Exercise —
Below are records with pictures in them. Transcribe everything from the line containing "提花刺绣微喇牛仔裤男生设计感穿搭美式高街裤子修身显瘦直筒长裤" down to the line containing "福彩3D历年第287期同期奖号为:102 283 986", exactly, and leave the pictures behind.

========================================

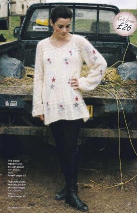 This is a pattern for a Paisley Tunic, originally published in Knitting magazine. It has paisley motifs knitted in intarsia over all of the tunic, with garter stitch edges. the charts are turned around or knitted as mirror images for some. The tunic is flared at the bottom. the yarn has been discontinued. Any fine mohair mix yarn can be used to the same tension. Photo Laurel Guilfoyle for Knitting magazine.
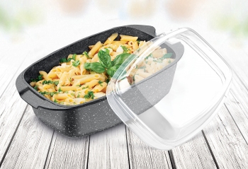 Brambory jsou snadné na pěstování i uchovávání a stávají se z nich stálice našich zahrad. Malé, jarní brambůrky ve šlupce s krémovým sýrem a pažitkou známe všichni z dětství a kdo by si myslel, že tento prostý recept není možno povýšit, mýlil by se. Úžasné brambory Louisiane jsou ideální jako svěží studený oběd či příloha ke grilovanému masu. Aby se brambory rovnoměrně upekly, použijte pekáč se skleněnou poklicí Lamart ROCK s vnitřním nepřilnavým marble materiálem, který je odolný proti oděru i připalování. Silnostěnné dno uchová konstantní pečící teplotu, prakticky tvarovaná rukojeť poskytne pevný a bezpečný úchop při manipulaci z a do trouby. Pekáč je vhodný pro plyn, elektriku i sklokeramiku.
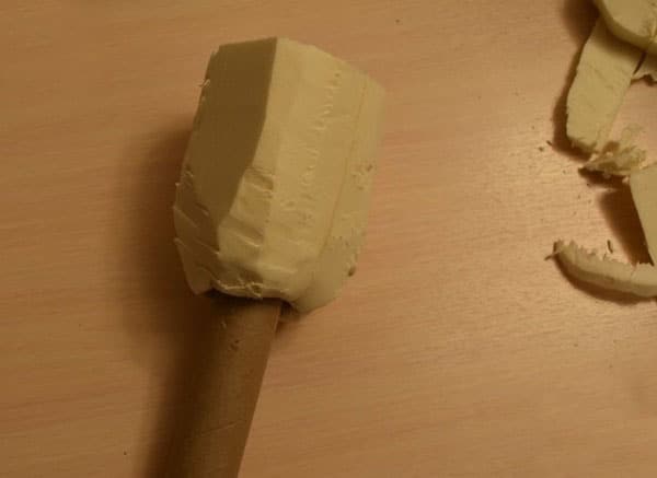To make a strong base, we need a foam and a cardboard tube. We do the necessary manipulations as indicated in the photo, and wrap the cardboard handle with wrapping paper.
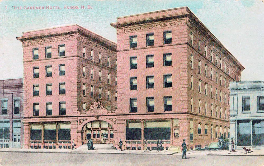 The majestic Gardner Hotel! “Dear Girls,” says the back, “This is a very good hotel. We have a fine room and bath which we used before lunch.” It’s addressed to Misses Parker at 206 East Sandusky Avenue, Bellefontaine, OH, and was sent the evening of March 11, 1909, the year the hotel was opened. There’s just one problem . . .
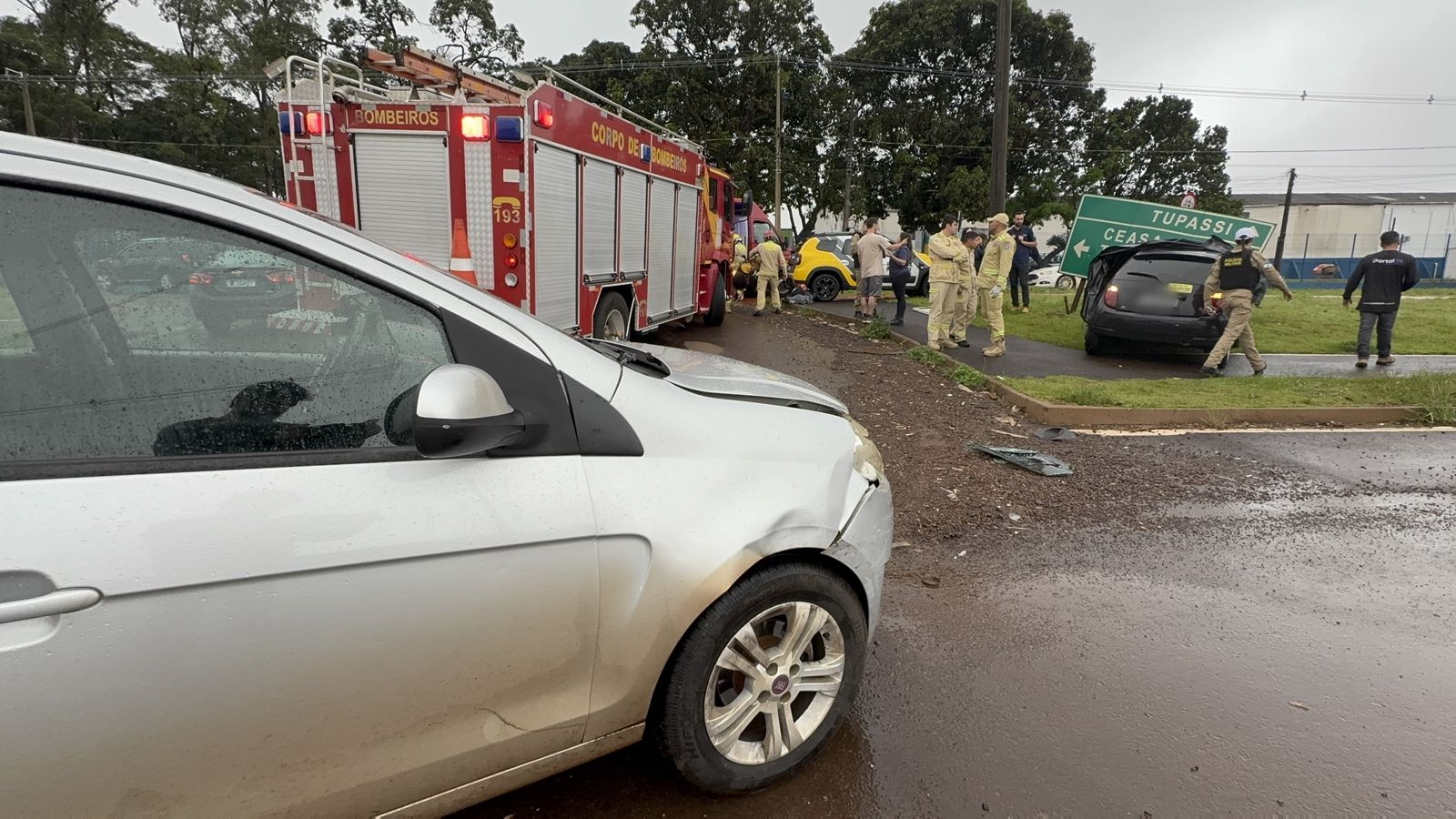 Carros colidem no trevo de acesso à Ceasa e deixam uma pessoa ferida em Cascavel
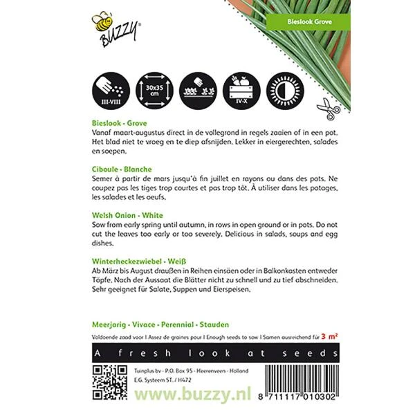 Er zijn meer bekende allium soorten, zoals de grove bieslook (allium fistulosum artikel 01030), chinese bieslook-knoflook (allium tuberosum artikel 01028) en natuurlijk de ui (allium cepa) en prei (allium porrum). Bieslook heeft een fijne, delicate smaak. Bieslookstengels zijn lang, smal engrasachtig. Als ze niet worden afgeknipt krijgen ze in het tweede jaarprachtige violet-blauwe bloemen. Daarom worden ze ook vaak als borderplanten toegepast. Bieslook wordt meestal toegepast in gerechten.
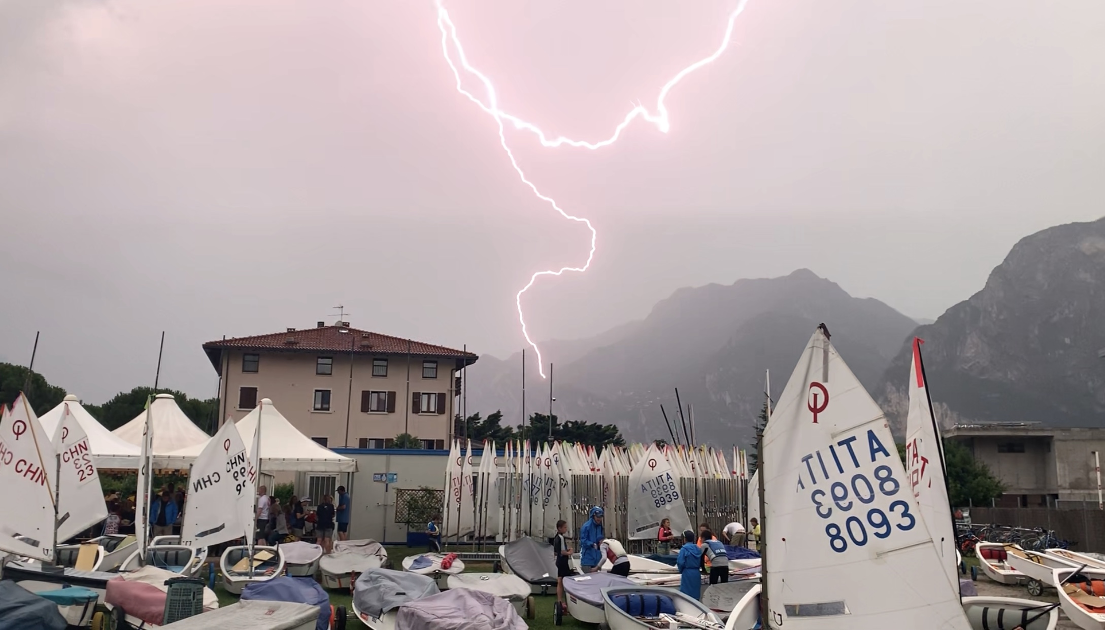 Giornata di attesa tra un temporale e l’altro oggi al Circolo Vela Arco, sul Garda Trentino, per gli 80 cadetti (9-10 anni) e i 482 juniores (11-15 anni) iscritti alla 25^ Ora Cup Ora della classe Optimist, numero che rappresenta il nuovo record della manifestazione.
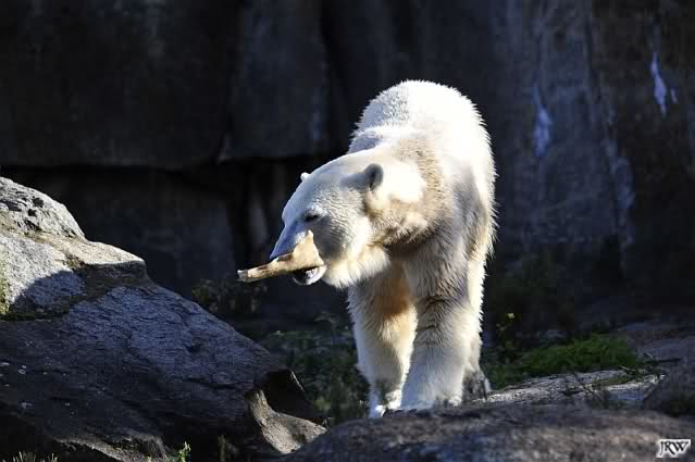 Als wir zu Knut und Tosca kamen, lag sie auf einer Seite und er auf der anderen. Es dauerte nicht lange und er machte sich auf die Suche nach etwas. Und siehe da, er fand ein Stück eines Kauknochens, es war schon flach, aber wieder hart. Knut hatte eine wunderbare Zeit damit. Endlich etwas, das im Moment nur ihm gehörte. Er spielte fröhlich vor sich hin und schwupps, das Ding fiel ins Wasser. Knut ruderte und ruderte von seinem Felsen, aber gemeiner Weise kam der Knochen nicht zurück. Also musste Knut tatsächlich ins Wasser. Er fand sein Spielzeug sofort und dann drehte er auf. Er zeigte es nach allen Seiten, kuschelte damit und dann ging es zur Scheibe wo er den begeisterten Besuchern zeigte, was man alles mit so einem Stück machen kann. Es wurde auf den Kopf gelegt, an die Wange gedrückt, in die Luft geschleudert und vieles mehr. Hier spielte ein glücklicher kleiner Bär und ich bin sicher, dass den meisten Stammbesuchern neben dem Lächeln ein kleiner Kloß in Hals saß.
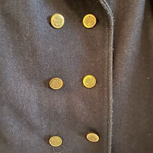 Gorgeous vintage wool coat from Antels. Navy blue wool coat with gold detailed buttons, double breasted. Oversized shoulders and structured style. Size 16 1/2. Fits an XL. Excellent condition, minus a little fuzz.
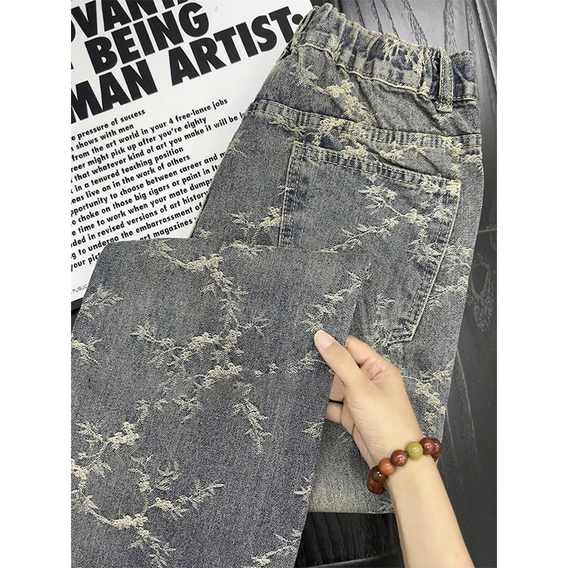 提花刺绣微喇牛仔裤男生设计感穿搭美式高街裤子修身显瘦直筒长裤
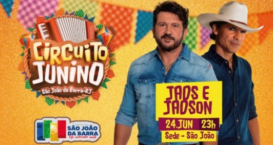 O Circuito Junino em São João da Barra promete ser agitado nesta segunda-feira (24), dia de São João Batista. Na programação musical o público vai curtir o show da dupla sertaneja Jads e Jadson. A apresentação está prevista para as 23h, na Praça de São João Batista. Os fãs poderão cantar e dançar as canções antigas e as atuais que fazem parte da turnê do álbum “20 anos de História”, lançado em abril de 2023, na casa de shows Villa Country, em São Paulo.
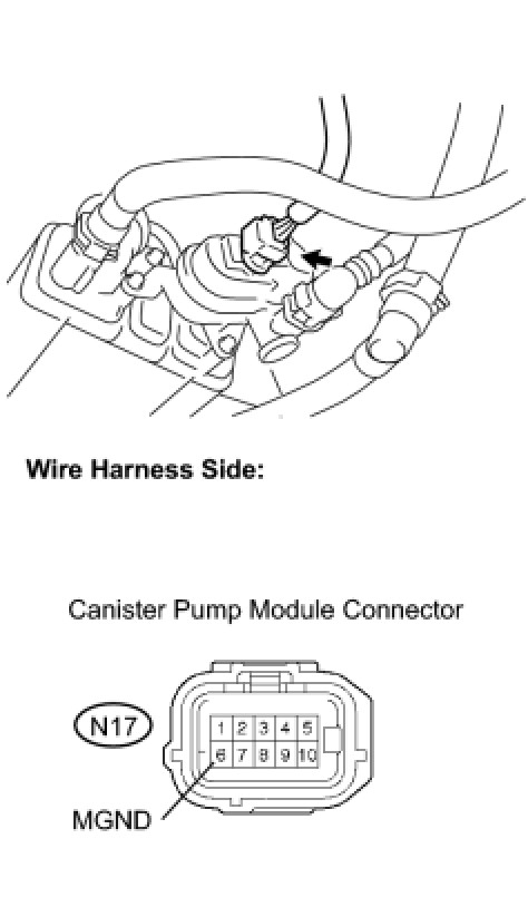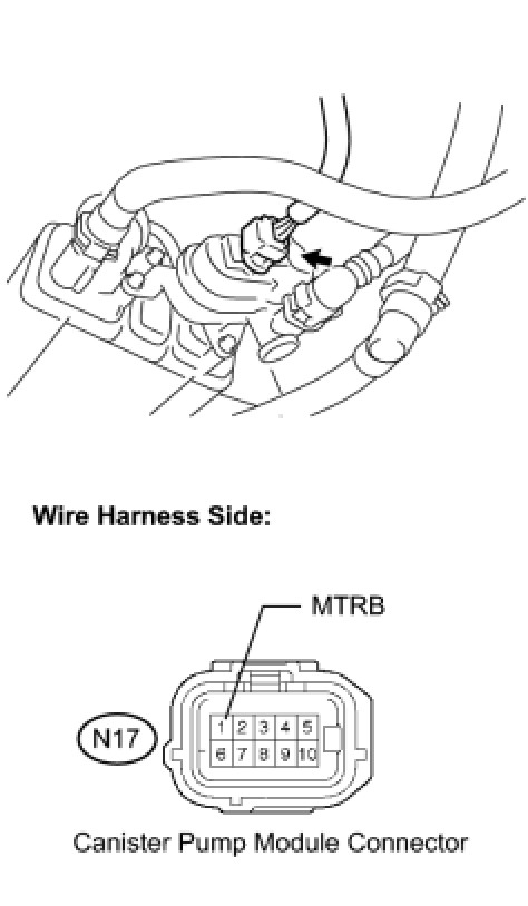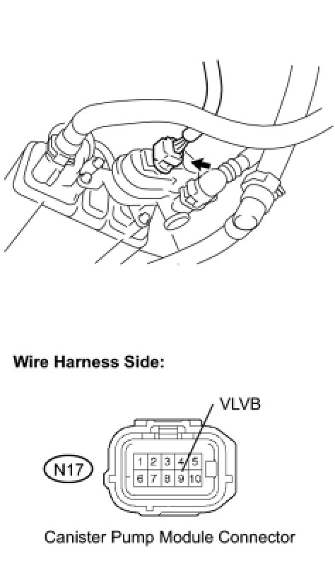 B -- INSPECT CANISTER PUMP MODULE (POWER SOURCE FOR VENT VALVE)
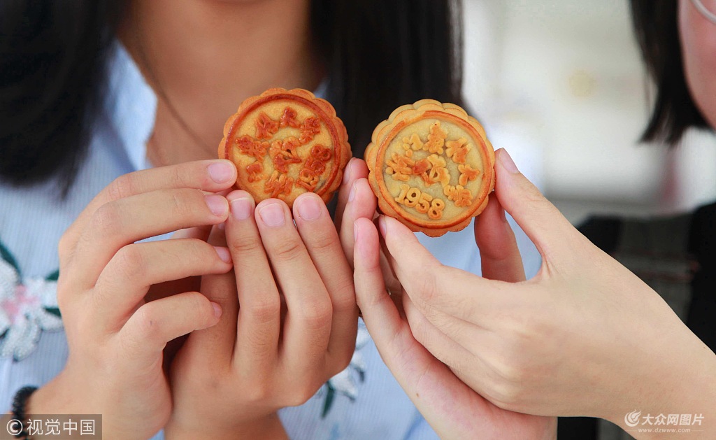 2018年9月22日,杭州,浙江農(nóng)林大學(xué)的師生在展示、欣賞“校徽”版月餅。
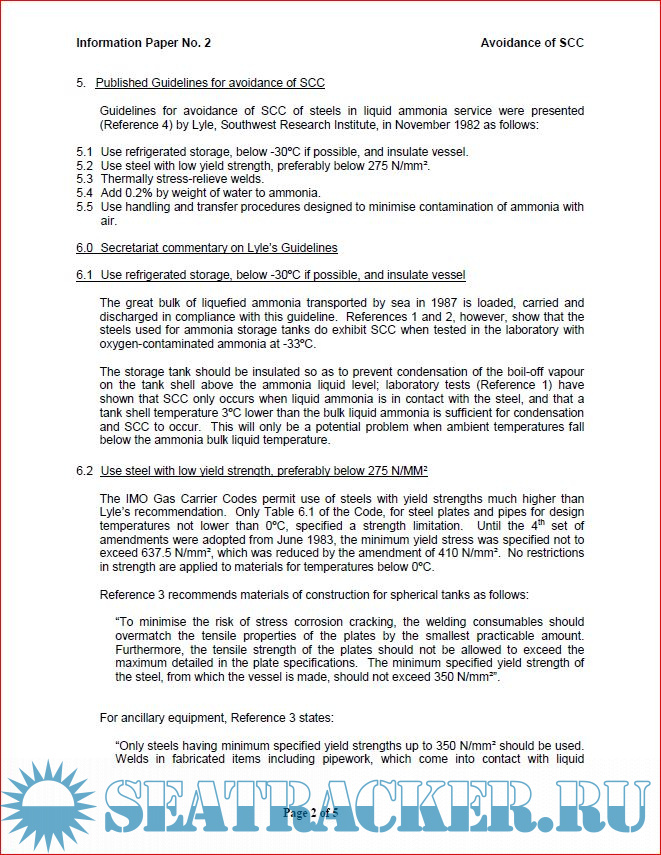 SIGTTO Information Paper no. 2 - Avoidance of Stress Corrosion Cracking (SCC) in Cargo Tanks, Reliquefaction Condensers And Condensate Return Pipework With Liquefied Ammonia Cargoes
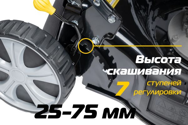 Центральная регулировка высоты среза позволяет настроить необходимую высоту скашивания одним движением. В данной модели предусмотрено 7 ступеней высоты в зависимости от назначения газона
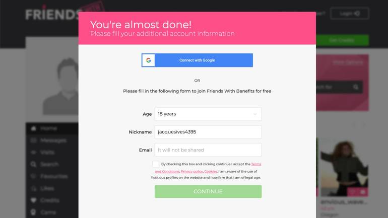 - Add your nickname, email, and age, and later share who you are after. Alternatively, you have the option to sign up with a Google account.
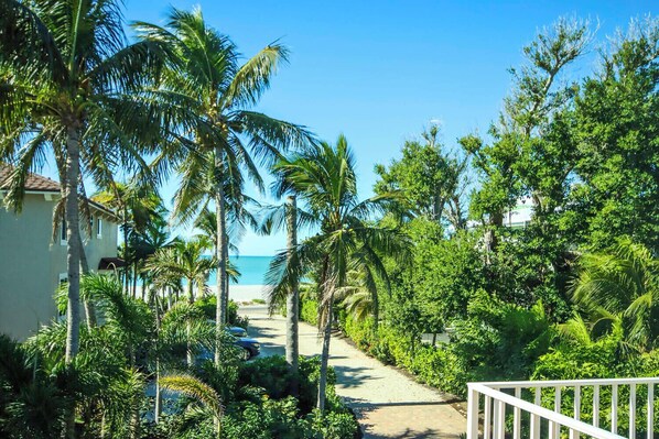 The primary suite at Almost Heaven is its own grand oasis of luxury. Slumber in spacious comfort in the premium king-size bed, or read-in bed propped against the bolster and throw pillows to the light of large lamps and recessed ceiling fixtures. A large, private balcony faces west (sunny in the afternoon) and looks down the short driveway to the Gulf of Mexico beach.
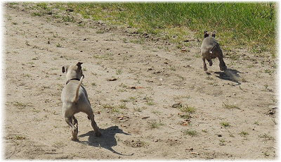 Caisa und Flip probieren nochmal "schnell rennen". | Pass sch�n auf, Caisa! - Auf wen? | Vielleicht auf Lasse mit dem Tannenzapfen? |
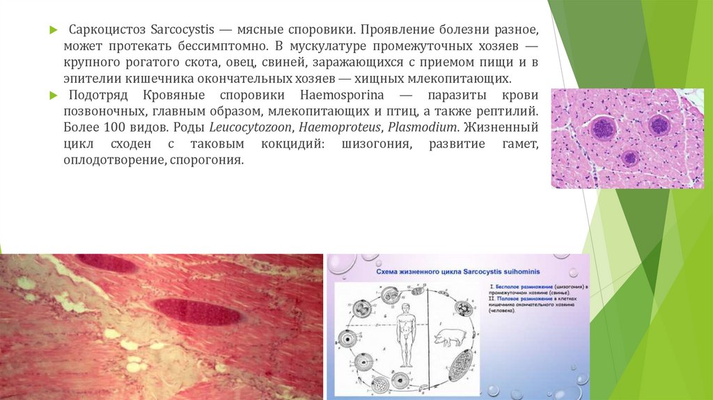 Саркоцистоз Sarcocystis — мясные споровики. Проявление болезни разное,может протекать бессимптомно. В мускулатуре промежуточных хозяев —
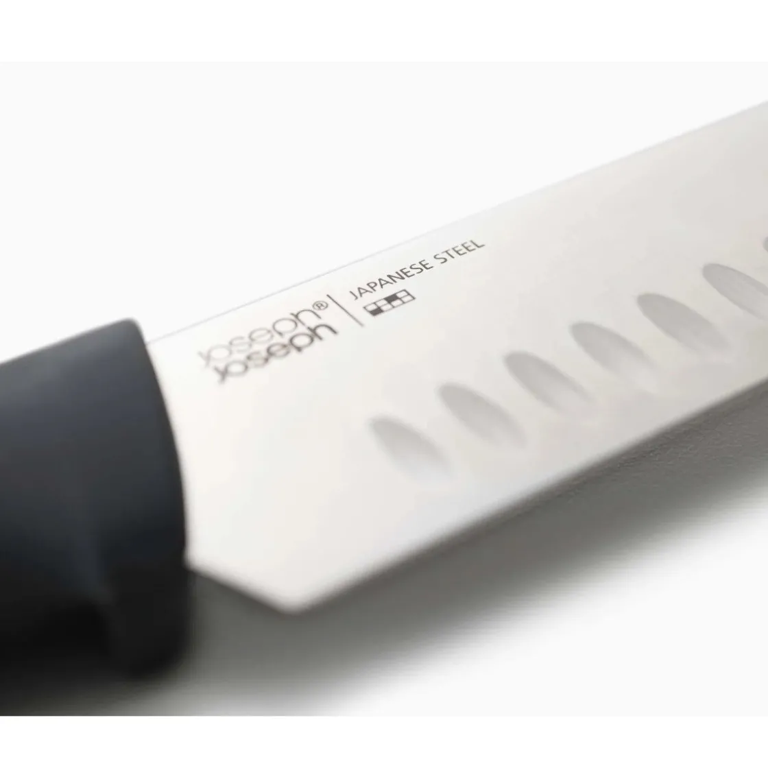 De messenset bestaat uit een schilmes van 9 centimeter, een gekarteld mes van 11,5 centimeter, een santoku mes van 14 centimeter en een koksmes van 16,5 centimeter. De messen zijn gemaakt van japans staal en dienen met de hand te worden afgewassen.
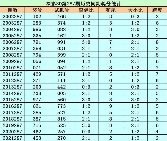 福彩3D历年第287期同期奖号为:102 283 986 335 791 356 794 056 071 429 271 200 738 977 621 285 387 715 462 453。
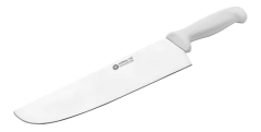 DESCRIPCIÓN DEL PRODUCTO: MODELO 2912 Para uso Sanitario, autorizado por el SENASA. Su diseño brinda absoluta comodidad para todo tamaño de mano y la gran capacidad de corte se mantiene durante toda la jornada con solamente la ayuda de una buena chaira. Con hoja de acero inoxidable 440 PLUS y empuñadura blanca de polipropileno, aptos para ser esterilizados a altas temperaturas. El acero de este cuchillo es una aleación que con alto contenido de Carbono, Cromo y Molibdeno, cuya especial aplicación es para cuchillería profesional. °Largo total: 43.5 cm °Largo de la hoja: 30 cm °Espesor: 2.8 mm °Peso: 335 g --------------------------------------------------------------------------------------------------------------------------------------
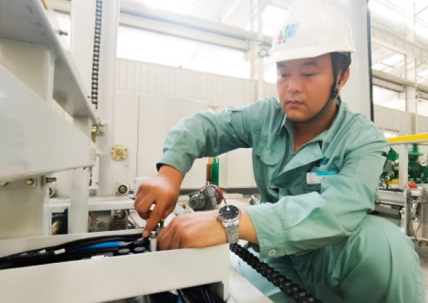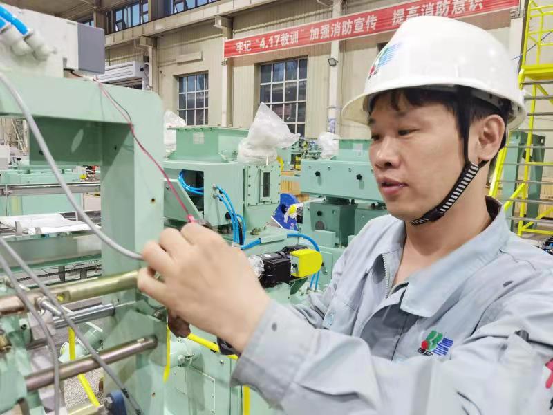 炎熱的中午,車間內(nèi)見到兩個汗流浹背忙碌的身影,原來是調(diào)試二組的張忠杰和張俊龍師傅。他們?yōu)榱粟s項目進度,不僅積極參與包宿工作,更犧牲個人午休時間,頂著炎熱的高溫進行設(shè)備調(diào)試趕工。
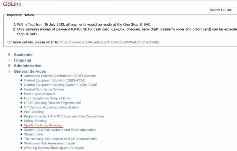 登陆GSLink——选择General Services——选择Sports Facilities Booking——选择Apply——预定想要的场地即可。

========================================

Solution to this task —
 提花刺绣微喇牛仔裤男生设计感穿搭美式高街裤子修身显瘦直筒长裤
 O Circuito Junino em São João da Barra promete ser agitado nesta segunda-feira (24), dia de São João Batista. Na programação musical o público vai curtir o show da dupla sertaneja Jads e Jadson. A apresentação está prevista para as 23h, na Praça de São João Batista. Os fãs poderão cantar e dançar as canções antigas e as atuais que fazem parte da turnê do álbum “20 anos de História”, lançado em abril de 2023, na casa de shows Villa Country, em São Paulo.
 B -- INSPECT CANISTER PUMP MODULE (POWER SOURCE FOR VENT VALVE)
 2018年9月22日,杭州,浙江農(nóng)林大學(xué)的師生在展示、欣賞“校徽”版月餅。
 SIGTTO Information Paper no. 2 - Avoidance of Stress Corrosion Cracking (SCC) in Cargo Tanks, Reliquefaction Condensers And Condensate Return Pipework With Liquefied Ammonia Cargoes
 Центральная регулировка высоты среза позволяет настроить необходимую высоту скашивания одним движением. В данной модели предусмотрено 7 ступеней высоты в зависимости от назначения газона
 - Add your nickname, email, and age, and later share who you are after. Alternatively, you have the option to sign up with a Google account.
 The primary suite at Almost Heaven is its own grand oasis of luxury. Slumber in spacious comfort in the premium king-size bed, or read-in bed propped against the bolster and throw pillows to the light of large lamps and recessed ceiling fixtures. A large, private balcony faces west (sunny in the afternoon) and looks down the short driveway to the Gulf of Mexico beach.
 Caisa und Flip probieren nochmal "schnell rennen". | Pass sch�n auf, Caisa! - Auf wen? | Vielleicht auf Lasse mit dem Tannenzapfen? |
 Саркоцистоз Sarcocystis — мясные споровики. Проявление болезни разное,может протекать бессимптомно. В мускулатуре промежуточных хозяев —
 De messenset bestaat uit een schilmes van 9 centimeter, een gekarteld mes van 11,5 centimeter, een santoku mes van 14 centimeter en een koksmes van 16,5 centimeter. De messen zijn gemaakt van japans staal en dienen met de hand te worden afgewassen.
 福彩3D历年第287期同期奖号为:102 283 986 335 791 356 794 056 071 429 271 200 738 977 621 285 387 715 462 453。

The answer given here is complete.